Top of Exercise materials

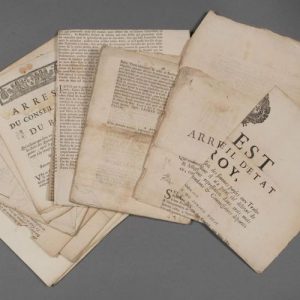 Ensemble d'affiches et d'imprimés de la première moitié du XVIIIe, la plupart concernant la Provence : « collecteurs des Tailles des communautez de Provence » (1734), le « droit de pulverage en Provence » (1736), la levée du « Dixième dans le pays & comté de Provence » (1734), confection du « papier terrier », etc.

Bottom of Exercise materials
Top of Exercise materials

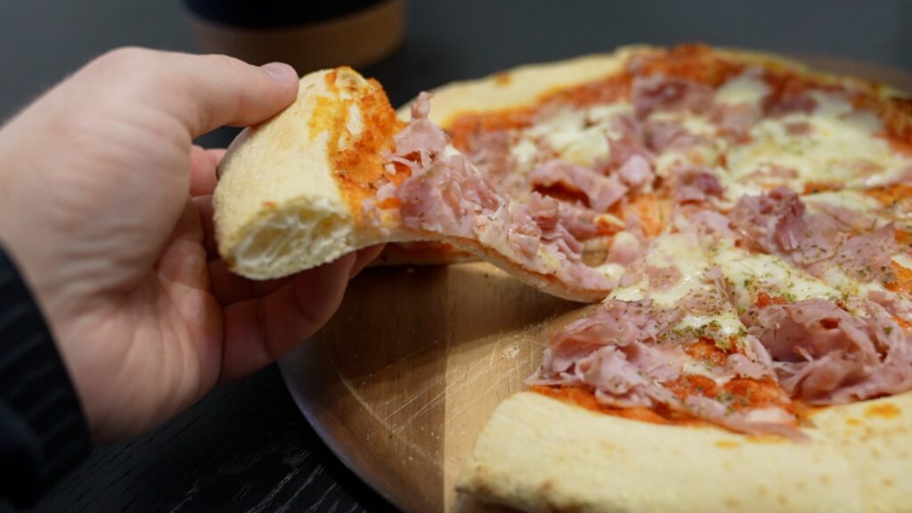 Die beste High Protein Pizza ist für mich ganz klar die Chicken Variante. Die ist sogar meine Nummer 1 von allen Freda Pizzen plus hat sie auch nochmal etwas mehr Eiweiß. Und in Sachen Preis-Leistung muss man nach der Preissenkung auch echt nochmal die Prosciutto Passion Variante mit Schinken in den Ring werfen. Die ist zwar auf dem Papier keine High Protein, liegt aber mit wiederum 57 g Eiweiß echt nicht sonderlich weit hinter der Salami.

Bottom of Exercise materials
Top of Exercise materials

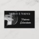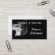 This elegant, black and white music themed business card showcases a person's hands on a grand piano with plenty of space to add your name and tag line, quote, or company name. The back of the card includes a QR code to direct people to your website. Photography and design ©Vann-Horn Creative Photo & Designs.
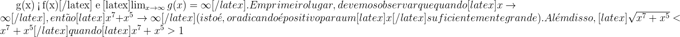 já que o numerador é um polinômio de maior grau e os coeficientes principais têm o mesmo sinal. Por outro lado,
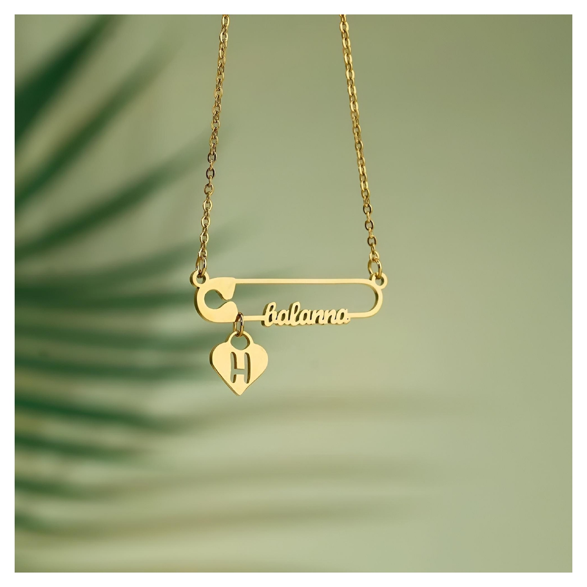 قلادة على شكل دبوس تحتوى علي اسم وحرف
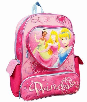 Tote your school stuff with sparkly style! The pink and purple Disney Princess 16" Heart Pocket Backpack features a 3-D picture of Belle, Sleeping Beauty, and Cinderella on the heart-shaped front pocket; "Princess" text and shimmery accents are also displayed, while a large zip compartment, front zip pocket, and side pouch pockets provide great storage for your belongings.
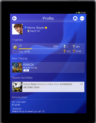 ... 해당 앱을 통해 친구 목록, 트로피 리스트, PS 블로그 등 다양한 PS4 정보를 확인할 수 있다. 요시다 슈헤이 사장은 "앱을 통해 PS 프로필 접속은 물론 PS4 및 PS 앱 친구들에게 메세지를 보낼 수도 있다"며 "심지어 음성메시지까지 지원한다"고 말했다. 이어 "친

Bottom of Exercise materials

Problem to solve >> Look above for the line with "já que o numerador" and the line with "트로피 리스트, PS", then restate exactly those two lines and all lines between them, with no pictures.

Reply >>
 já que o numerador é um polinômio de maior grau e os coeficientes principais têm o mesmo sinal. Por outro lado,
 قلادة على شكل دبوس تحتوى علي اسم وحرف
 Tote your school stuff with sparkly style! The pink and purple Disney Princess 16" Heart Pocket Backpack features a 3-D picture of Belle, Sleeping Beauty, and Cinderella on the heart-shaped front pocket; "Princess" text and shimmery accents are also displayed, while a large zip compartment, front zip pocket, and side pouch pockets provide great storage for your belongings.
 ... 해당 앱을 통해 친구 목록, 트로피 리스트, PS 블로그 등 다양한 PS4 정보를 확인할 수 있다. 요시다 슈헤이 사장은 "앱을 통해 PS 프로필 접속은 물론 PS4 및 PS 앱 친구들에게 메세지를 보낼 수도 있다"며 "심지어 음성메시지까지 지원한다"고 말했다. 이어 "친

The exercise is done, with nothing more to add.